• ASSIGNED TASK: Do not repeat pictures. Repeat exactly the lines of the listing below from its first line through the line with "Кровать-чердак Тея с".
MATERIAL PROVIDED Start Marker
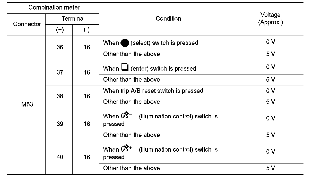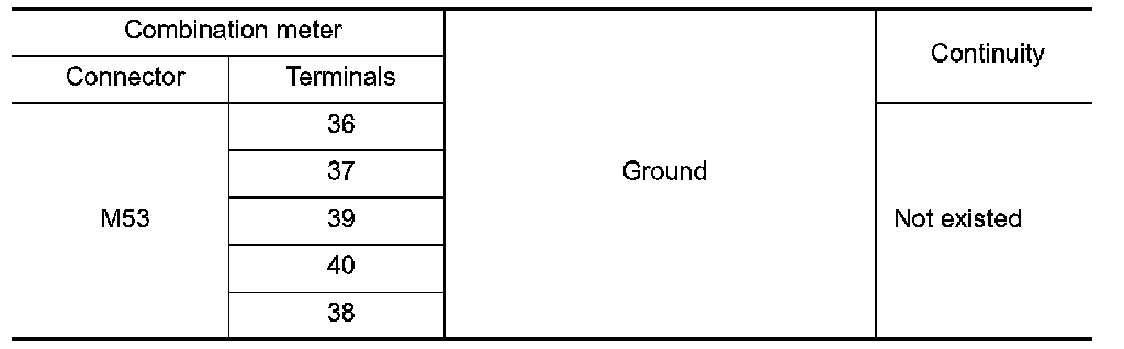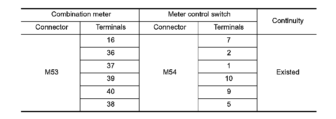 3. Check continuity between combination meter harness connector terminal and meter control switch harness connector terminal.
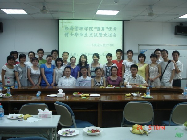 6月24日下午两点起,“留夏”优秀博士毕业生交流暨欢送会围绕学术科研和人生规划两个方面在逸夫楼5086教室如火如荼地进行了三个小时。出席的优秀博士毕业生代表有展进涛博士、刘军弟博士、周宁博士、赵文博和范子英博士,整个过程轻松愉快。通过这次交流会,他们在这个夏天给在校研究生们留下了更多的信心和更深的思考。
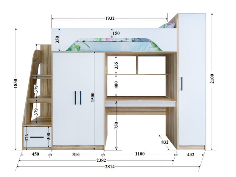Кровать-чердак Тея с пеналом - Мебель | Мебельный | Интернет магазин мебели | Екатеринбург
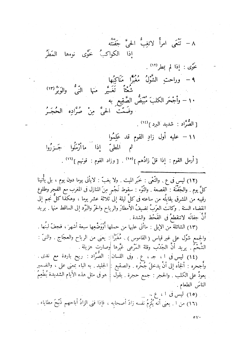 تَنَعَى امرأً لاَ تَغُبَّ الحيَّ جَفْنَتُهُ، ... إذا الكَوَاكِبُ خَوّى نَوْأَها المَطَرُ
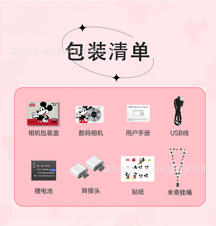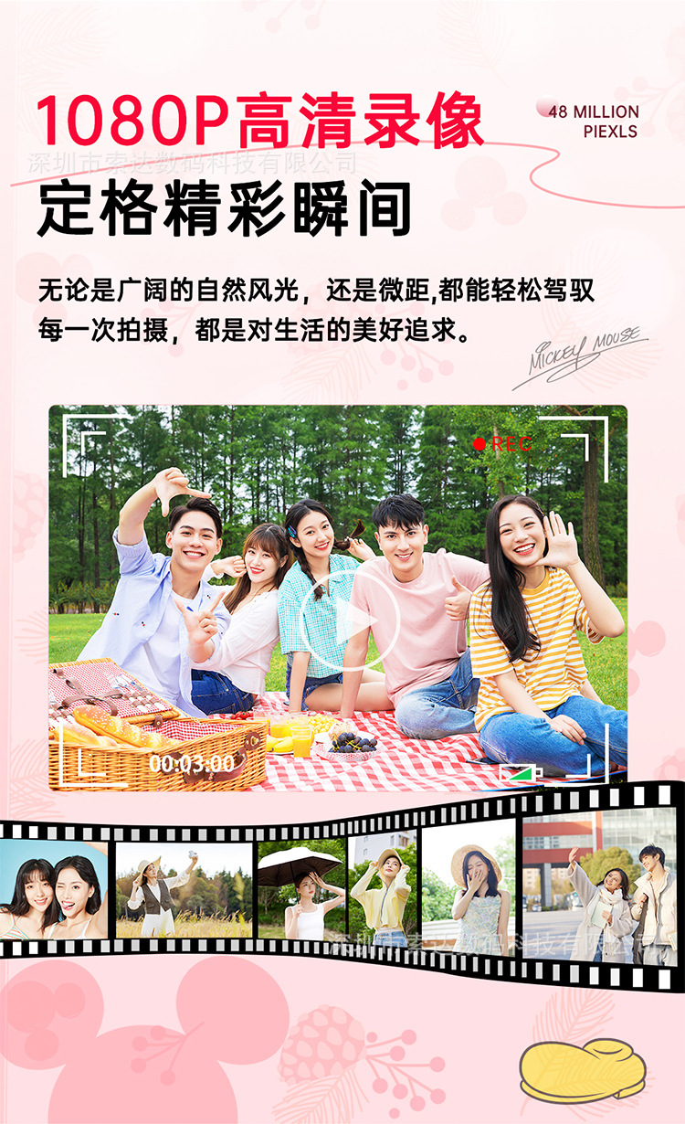 【송디안-미키 콜라보레이션】디지털 카메라 어린이 학생 파티 셀카 카메라 선물 DSLR 신제품
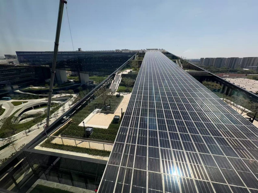 在节能和低碳方面,园区还通过大量敷设近1万平方米的屋面分布式光伏板,打造了约1.8MWp的光伏发电系统,年均发电量约180万度,可以提供园区总年耗电量的10%,预计年均可减少二氧化碳排放1732吨,节约标煤552吨。
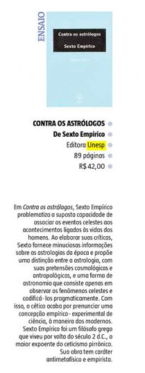 O Estado de Minas, em sua edição de 21 de junho, destacou Contra os astrólogos, de Sexto Empírico. O autor problematiza a suposta capacidade de associar os eventos celestes aos acontecimentos ligados às vidas dos homens.
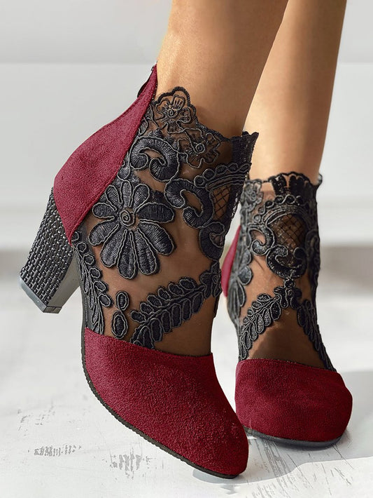 Lace Split Joint Chunky Heel Sandals Boots with Back Zip QAS31
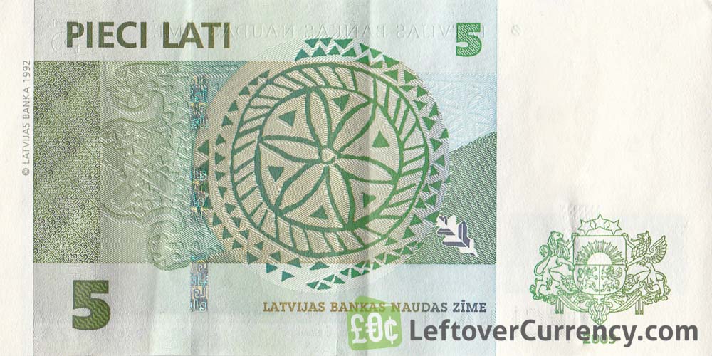 The Bank of Latvia issued Latvian Lats banknotes in 7 different denominations, including this 5 Latvian Lati banknote. They are part of the Latvian Lats banknotes series. The Bank of Latvia started issuing these 5 Latvian Lats banknotes in 1992. They were withdrawn from circulation in 2013.
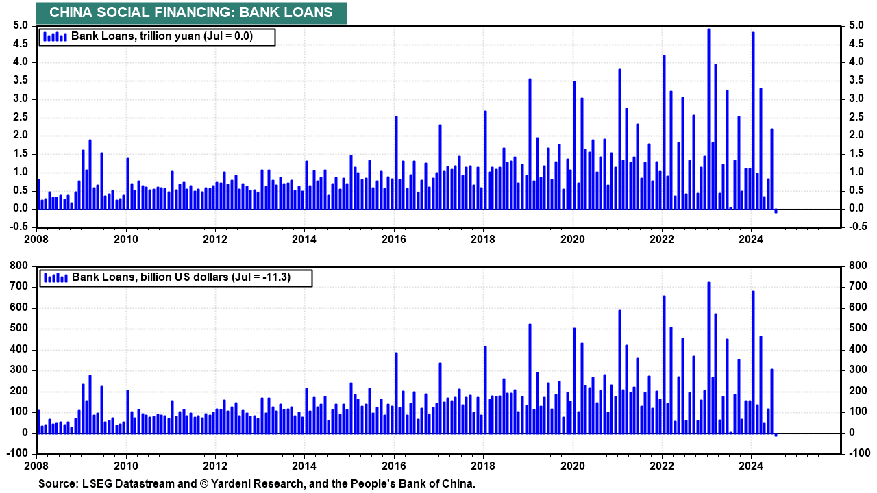 China's economy is faltering. July data suggest the government will have to provide more stimulus to meet its 5% economic growth target for the year. Most striking is the small but unusual decline in bank loans during the month (chart). It suggests a lack of confidence among businesses and consumers, potentially leading to reduced investment and spending.
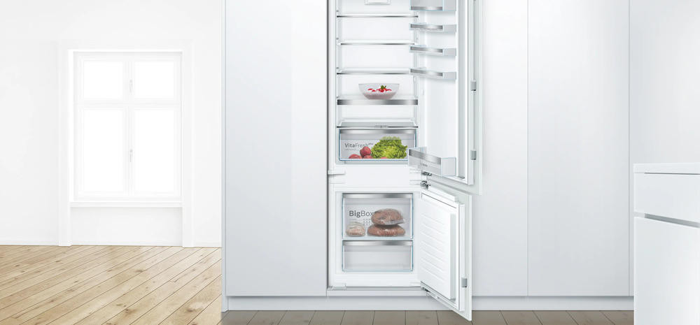 Встраиваемый двухкамерный холодильник Bosch KIS87ADD0 Этот встраиваемый агрегат сочетает лаконичный белый корпус и продуманную внутреннюю организацию, которая создана для тех, кто ценит порядок, экономичность и надежность. Серия Serie | 6 воплощает современный подход к хранению продуктов: общий полезный объем 270 л распределен так, чтобы холодильная камера занимала 208 л, а морозильная — 62 л, что обеспечивает комфортную вместимость для семьи. Инверторный компрессор и тип мотора инверторный гарантируют плавную работу и экономичное энергопотребление: годовой расход составляет 165 кВт·ч при мощности подключения 120 Вт, а уровень шума не превышает 35 дБ, благодаря чему прибор практически не мешает в повседневной жизни. Панель управления реализована электронно с удобными кнопками и информативным дисплеем, который позволяет точно задавать режимы работы. Холодильная камера оснащена системой статического охлаждения и ручным размораживанием, что способствует длительному сохранению качества продуктов при простоте обслуживания.
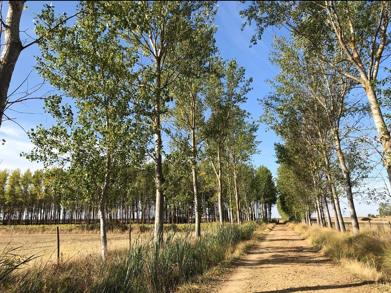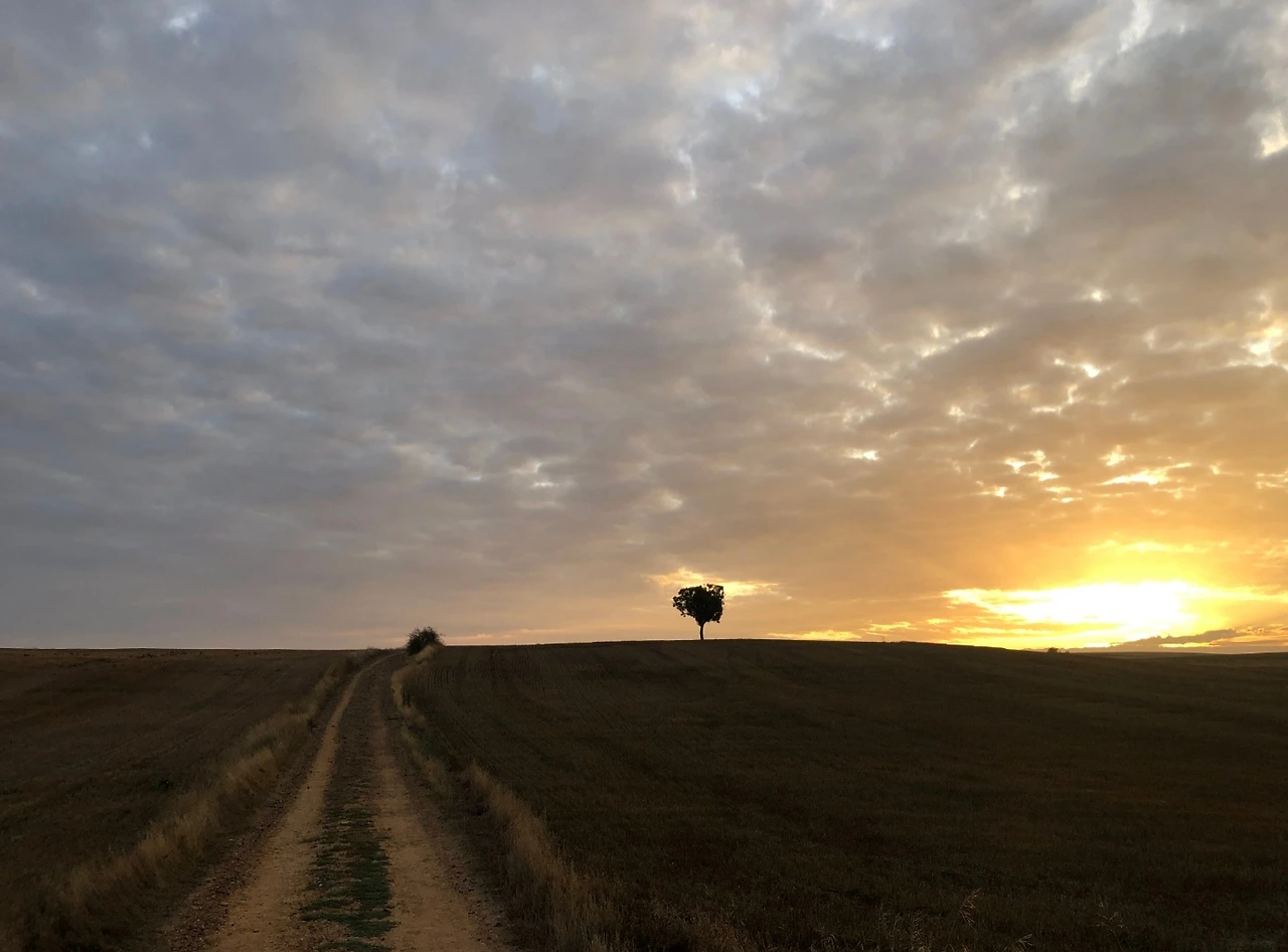 역시나 이날의 일출도 아름다웠다. 여명과 일출이 연이은 한 시간 정도 아주 멋진 길을 걸었다. 감사했다. 그 후의 길은 꽤 오랫동안 완전 평지, 연이은 허허벌판이었다. 해가 50도 정도 기울었을 때 3KM 정도를 날파리 무리가 나에게 빌붙어 같이 걸었다. 아주 짜증이 났다. 그놈의 날벌레. 파리. 정말 짜증났다. 그리고 발이 또 다시 본격적으로 아파왔고, 체력적으로도 힘들었다. 완전한 평야 위를 걷는 일은 지독했다. 지루했다. 특히나 오늘 날씨는 유독 더웠기 때문에 힘겨웠다.
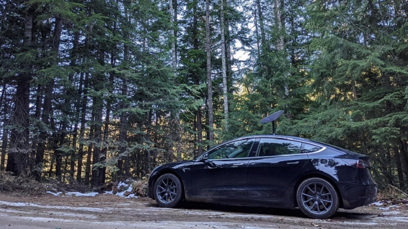 Starlink testé sur une Tesla Model 3, dans une forêt de l'Idaho.
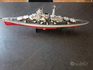 modello nave corazzata Bismarck radiocomandata, funzionante, galleggia e si muove in acqua, con gruppo batterie. stato come da foto.
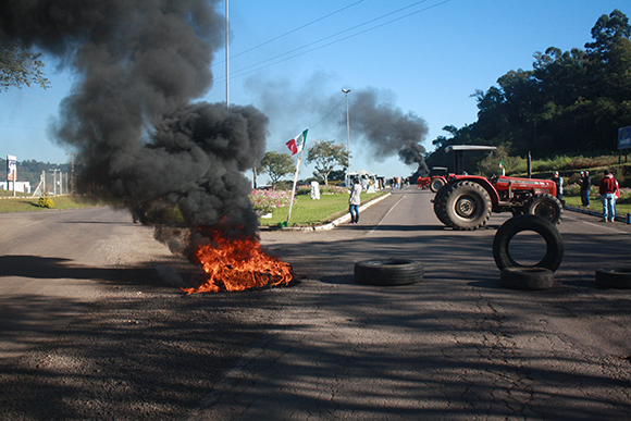 Nesta tarde, estão presentes também na manifestação agricultores do município, representantes das juventudes rurais e comerciantes. Há queima de pneus no protesto.
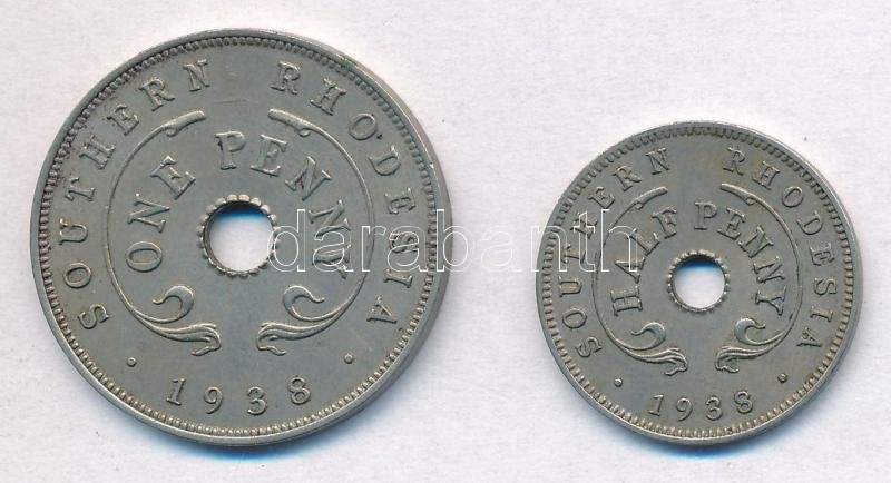 Southern Rhodesia 1938. 1/2 Penny Cu-Ni + 1 Penny Cu-Ni C:AU
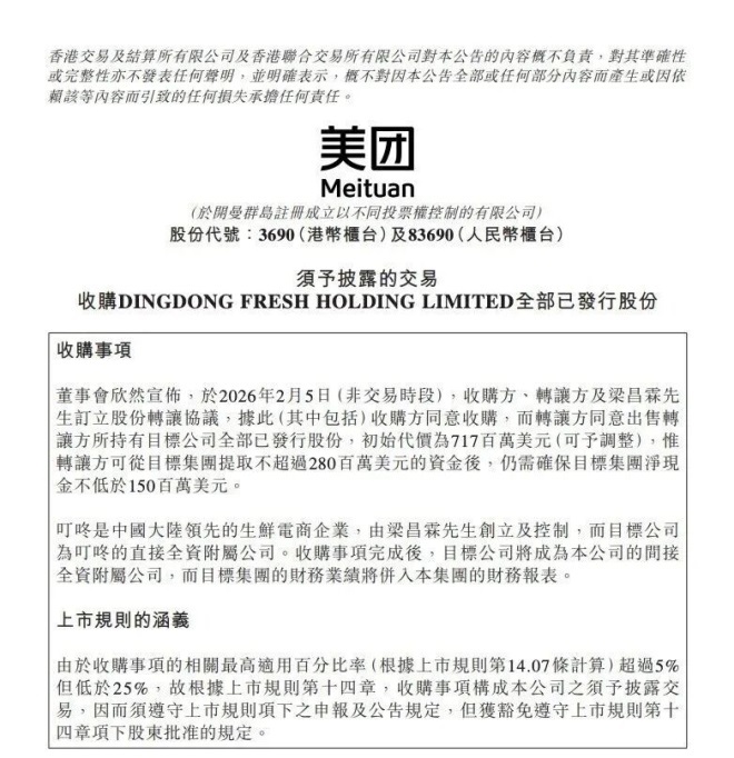 2月5日,美團發(fā)布上市公司公告,以7.17億美元(約合人民幣50億元)的初始價格,收購叮咚買菜全部股份及其中國業(yè)務(wù)。收購?fù)瓿珊螅_速I菜將成為美團間接全資附屬公司,其財務(wù)業(yè)績將并入美團報表。
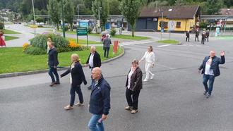 Zum Jubiläum hat Hans Pfandler eine sehenswerte und interessante Ausstellung mit vielen Bildern aus den 100 Jahren der Blasmusik zusammengestellt, die für alle Festbesucher im Gemeindesitzungssaal zu sehen war. Das nutzten Bürgermeister Jürgen Hennemann und die Eberner Stadträte am Samstagmorgen gemeinsam mit den Strasser Gemeinderäten und Bürgermeister Karl Eberharter. Er stellte im Schulungsraum der Feuerwehr die aktuellen Maßnahmen in der Gemeinde vor. Das größte Projekt, das für viele Diskussionen sorgt, ist der geplante Hochwasserschutz vor Inn und Ziller. Dazu sollen Hochwasserdämme erstellt werden, die den Ort schützen und größere Wasserrückhaltebecken bilden. Diskussion gebe es wegen des Flächenverbrauches landwirtschaftlicher Nutzflächen, die dann wegen Dammanschüttung schwieriger zu bearbeiten seien. Er erläuterte die Anstrengungen der Gemeinde bei der Sicherstellung der eigenen Wasserversorgung. Die Sanierung der Brunnen laufe. Da man im Winter Wasserprobleme habe, müsse hier gehandelt werden.
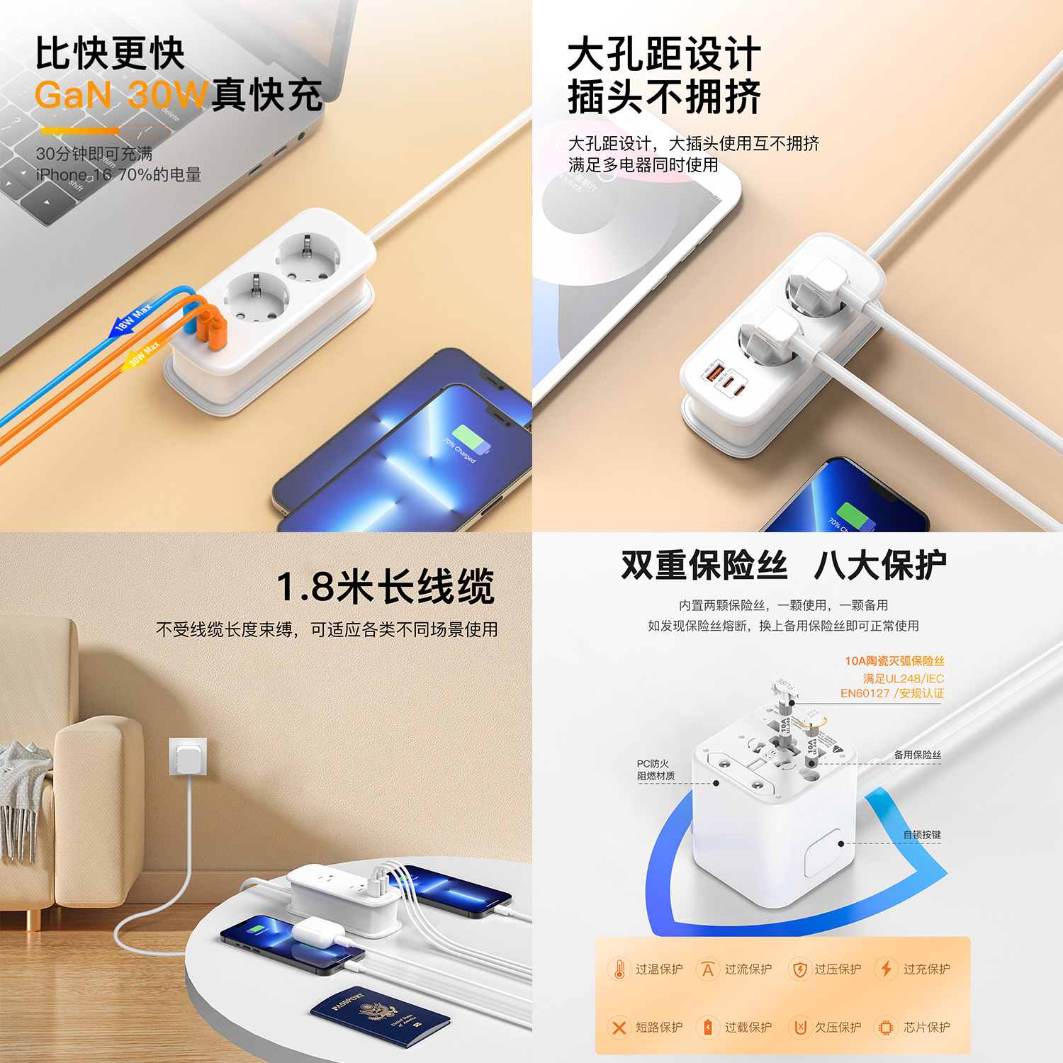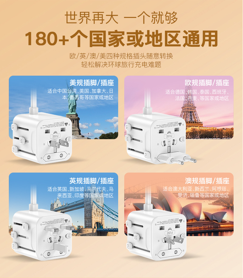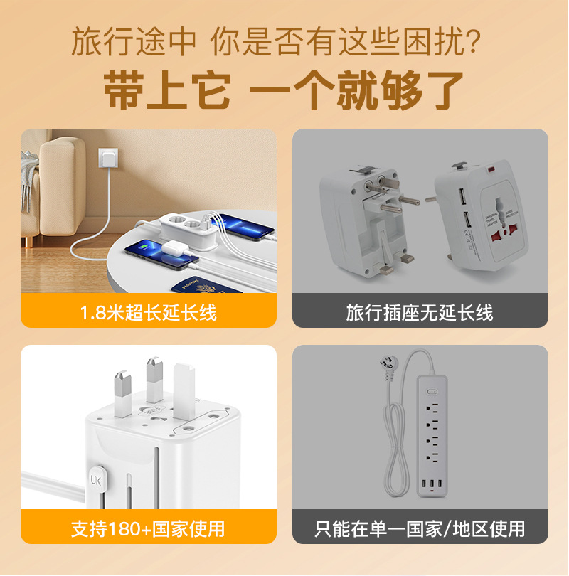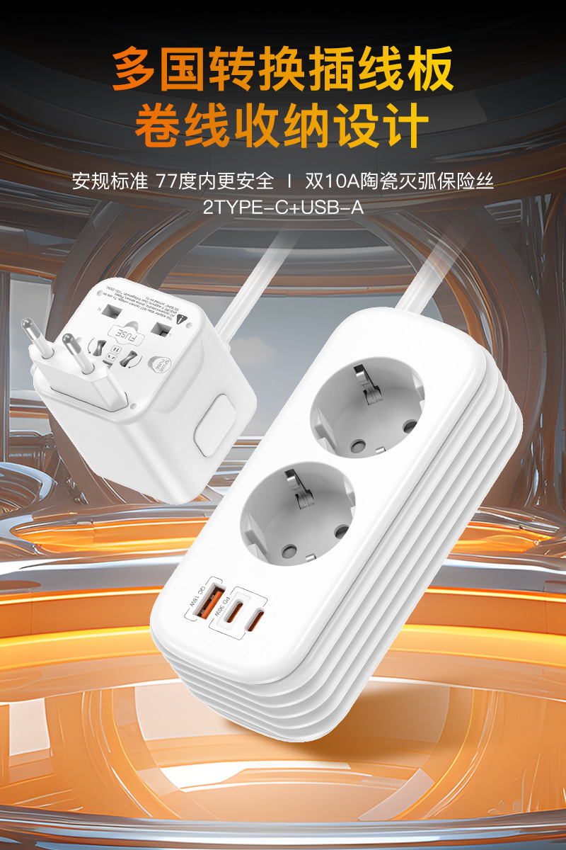新品多国美规欧规插线板卷线收纳插排转换排插插座转换器转换插头
MATERIAL PROVIDED End Marker
• RESPONSE AREA:
 3. Check continuity between combination meter harness connector terminal and meter control switch harness connector terminal.
 6月24日下午两点起,“留夏”优秀博士毕业生交流暨欢送会围绕学术科研和人生规划两个方面在逸夫楼5086教室如火如荼地进行了三个小时。出席的优秀博士毕业生代表有展进涛博士、刘军弟博士、周宁博士、赵文博和范子英博士,整个过程轻松愉快。通过这次交流会,他们在这个夏天给在校研究生们留下了更多的信心和更深的思考。
Кровать-чердак Тея с пеналом - Мебель | Мебельный | Интернет магазин мебели | Екатеринбург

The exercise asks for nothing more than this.